In order to achieve a better understanding of the significance of the different regions of flow shown in Figure 3, a deformation mechanism map was constructed where the normalized grain size, d/b, was plotted against the normalized shear stress, τ/G, as shown in Figure 4, where τ is the shear stress, which is plotted directly on the upper axis of the map [25]. This plot shows the regions of Nabarro–Herring and Coble creep at the lower stresses as derived from the theoretical models and then the experimental regions I, II and II at higher stresses. When the flow process is controlled by dislocation climb, it is well established that subgrains are formed during the primary stage of creep and these subgrains have an average size, λ, which varies inversely with the applied stress and remains constant in the region of steady-state flow. Detailed experiments showed that the subgrain size in all metals follows a relationship of the form λ/b ≈ δ(τ/G)⁻¹ where δ is a constant having a value of ~10 [15]: a similar relationship also applies to the flow of ceramic materials [26]. Putting d = λ so that the grain size is equal to the subgrain size, it is apparent from Figure 4 that the broken line representing this condition corresponds essentially exactly with the experimental boundary separating regions II and III on the deformation mechanism map. This demonstrates that superplasticity requires a grain size that is smaller than the average subgrain size, and it shows that superplasticity occurs when the intragranular dislocations accommodating GBS are able to move through the grains without encountering any subgrain boundaries that would effectively act as barriers to their movement.

Using this approach, it is then possible to illustrate the nature of superplastic flow as shown in Figure 5, where (a) represents conventional creep for materials with large grain sizes so that d > λ and (b) shows superplastic flow where d < λ [27]. This illustration provides a unified depiction of the nature of grain boundary sliding for materials having different grain sizes.
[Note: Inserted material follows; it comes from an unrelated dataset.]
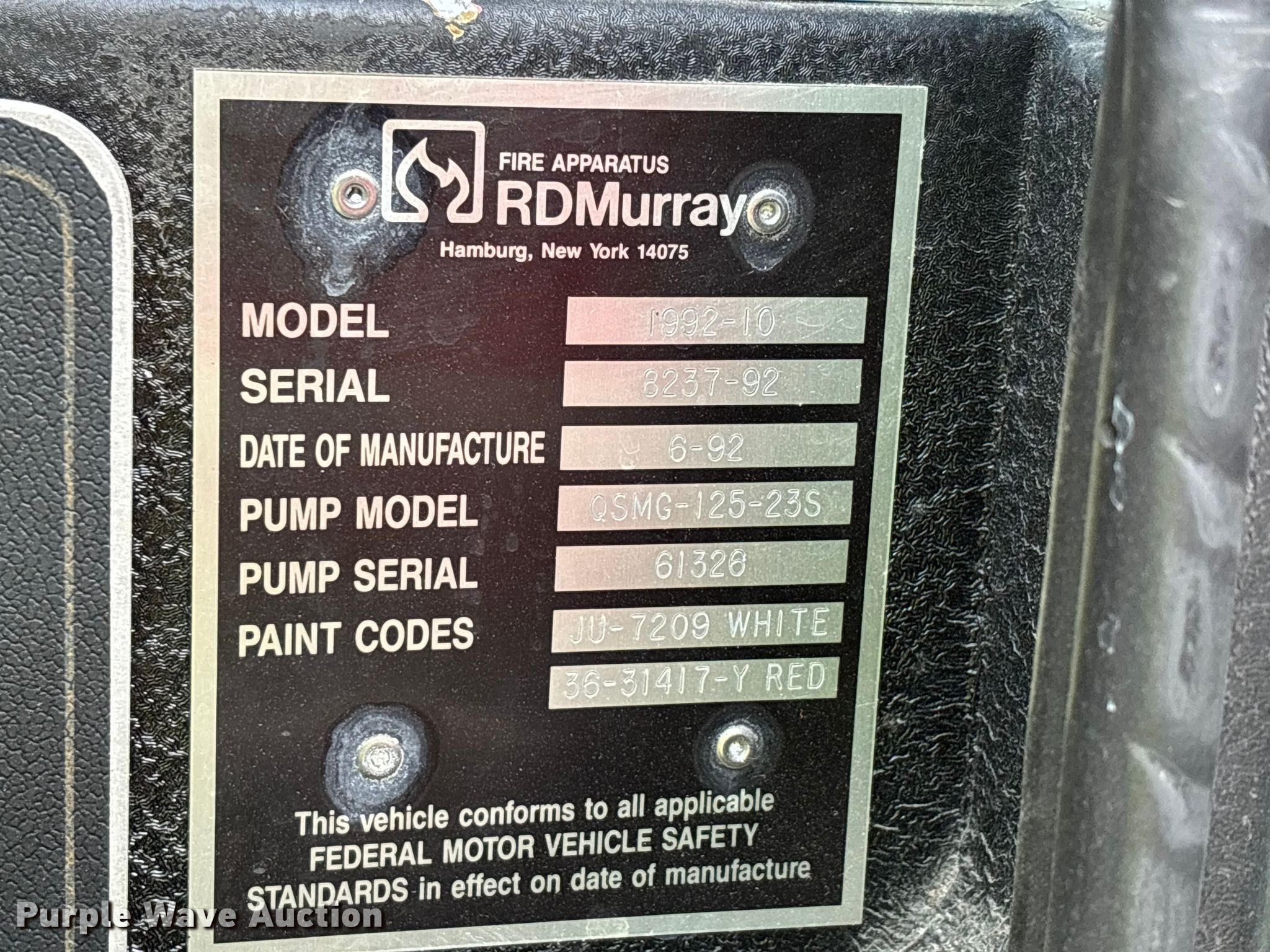 Purple Wave is selling a used Fire Truck or Emergency Vehicle in Kentucky. This item is a 1992 Spartan Gladiator pumper fire truck with the following: Miles: 33,383 on odometer, Hours: 3,445 on meter, VIN: 4S7BT9F03NC005113, Unit #: 77722745

In conventional creep, GBS occurs by the movement of dislocations along the grain boundary and this leads to a stress concentration at the triple point A in Figure 5a, which is accommodated by an intragranular slip in the next grain where this slip impinges on the subgrain boundary at B. Conversely, in superplastic flow, there is a stress concentration at C, which produces accommodating slip in the next grain and the dislocations are now able to move across the grain without hindrance and impinge on the opposite grain boundary at D. A unified model for these two situations leads to n = 3, p = 1, D = D_ℓ and A ≈ 10³ for conventional creep in Figure 5a, where D_ℓ is the coefficient for lattice self-diffusion and n = 2, p = 2, D = D_gb and A ≈ 10 for superplasticity in Figure 5b, where D_gb is the coefficient for grain boundary diffusion [27]. The values predicted for the various parameters in superplasticity are generally in good agreement with experimental data, as shown, for example, by the results in Figure 3.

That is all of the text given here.